Borwein–Borwein integrals and sumsDirect calculation

# 1 Direct calculation

Turns out it is possible to calculate the integrals above by pure brute force, and this gives explicit formulas for the integrals as we see above.
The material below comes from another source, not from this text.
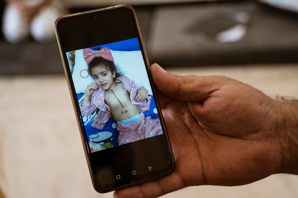 Rahma, now nine, sits nearby, offering shy smiles — too young to understand the gravity of her medical conditions. “She’s still a child,” Fayadh says. “She wants to play with the other children, but we can’t allow it. Her heart is too weak. She misses a lot of school because her health is too fragile.”
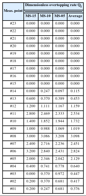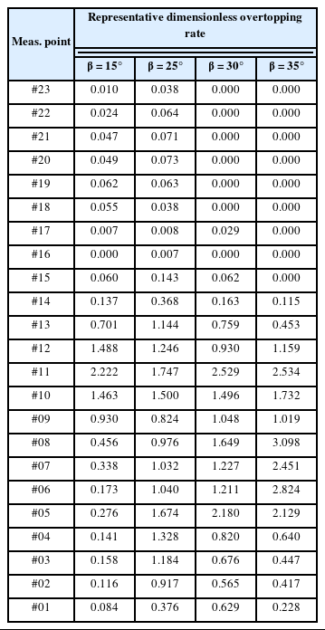 입사각 β = 35o에 대한 관측 월파량 qi를 남측구간 평균 월파량 qm으로 나누어 무차원화한 무차원 월파량 분포를 Table 2에 제시하였다. 여기서 맨 마지막 열의 평균 무차원 월파량은 각 입사각에 대한 대표 무차원 월파량이다.

In general, let $a_0, a_1, a_2, \ldots , a_n$ be a sequence of positive real numbers, and consider the integral

$\int _{-\infty }^\infty \prod _{k = 0}^n \operatorname{sinc}(a_k x) \; \mathrm{d}x.$

Let us put aside the $\frac{1}{x}$ factors for a moment, and expand out $\prod _{k = 0}^n \sin (a_k x)$:

\begin{aligned} \prod _{k = 0}^n \sin (a_k x) & = \frac{1}{(2i)^{n + 1}} (e^{i a_0 x} - e^{-i a_0 x}) \prod _{k = 1}^n (e^{i a_k x} - e^{-i a_k x})\\ & = \frac{1}{(2i)^{n + 1}} \sum _{\gamma \in \{ -1, 1\} ^n} \varepsilon _\gamma (e^{i b_\gamma x} - (-1)^n e^{-i b_\gamma x}), \end{aligned}

where

$b_\gamma = a_0 + \sum _{k = 1}^n \gamma _k a_k,\quad \varepsilon _\gamma = \prod _{k = 1}^n \gamma _k.$

Note that each of the terms in the right-hand sum is some sort of trigonometric function, depending on the value of $n$ mod $2$.

The original integral was

$\int _{-\infty }^\infty x^{-n - 1} \prod _{k = 0}^n \sin (a_k x)\; \mathrm{d}x.$

Since $\sin (a_k x)$ has a simple zero at $x = 0$, we know from this expression that we can integrate this by parts $n$ times and have vanishing boundary terms:

$\int _{-\infty }^\infty x^{-n - 1} \prod _{k = 0}^n \sin (a_k x)\; \mathrm{d}x = \frac{1}{n!} \int _{-\infty }^\infty \frac{1}{x} \frac{\mathrm{d}^n}{\mathrm{d}x^n} \prod _{k = 0}^n \sin (a_k x)\; \mathrm{d}x.$

We now use the expression above to compute this $n$-fold derivative, and get

\begin{aligned} \int _{-\infty }^\infty \prod _{k = 0}^n \frac{\sin (a_k x)}{x} \; \mathrm{d}x & = \frac{1}{n!}\int _{-\infty }^\infty \frac{1}{x} \frac{1}{2^n} \sum _{\gamma \in \{ -1, 1\} ^n} \varepsilon _\gamma b_\gamma ^n \sin (b_\gamma x) \; \mathrm{d}x \\ & = \frac{\pi }{2^n n!} \sum _{\gamma \in \{ -1, 1\} ^n} \varepsilon _\gamma b_\gamma ^n \operatorname{sign}(b_\gamma ). \end{aligned}

We claim this is equal to $\frac{\pi }{a_0}$ when $a_0 \geq \sum _{k = 1}^n a_k$, and smaller otherwise. Indeed, this is exactly the condition that all the $b_\gamma$ are positive, so that the sign term disappears. The remaining claim is then that

$\sum _{\gamma \in \{ -1, 1\} } \varepsilon _\gamma b_\gamma ^n = 2^n n! \prod _{k = 1}^n a_k.$

Indeed, this follows by considering the $n$th Taylor coefficient of the equality

$e^{a_0 t} \prod _{k = 1}^n (e^{a_k t} - e^{- a_k t}) = \sum _{\gamma \in \{ -1, 1\} ^n} \varepsilon _\gamma e^{b_\gamma t},$

where on the left we use that $e^{a_k t} - e^{-a_k t} = 2 a_k t$.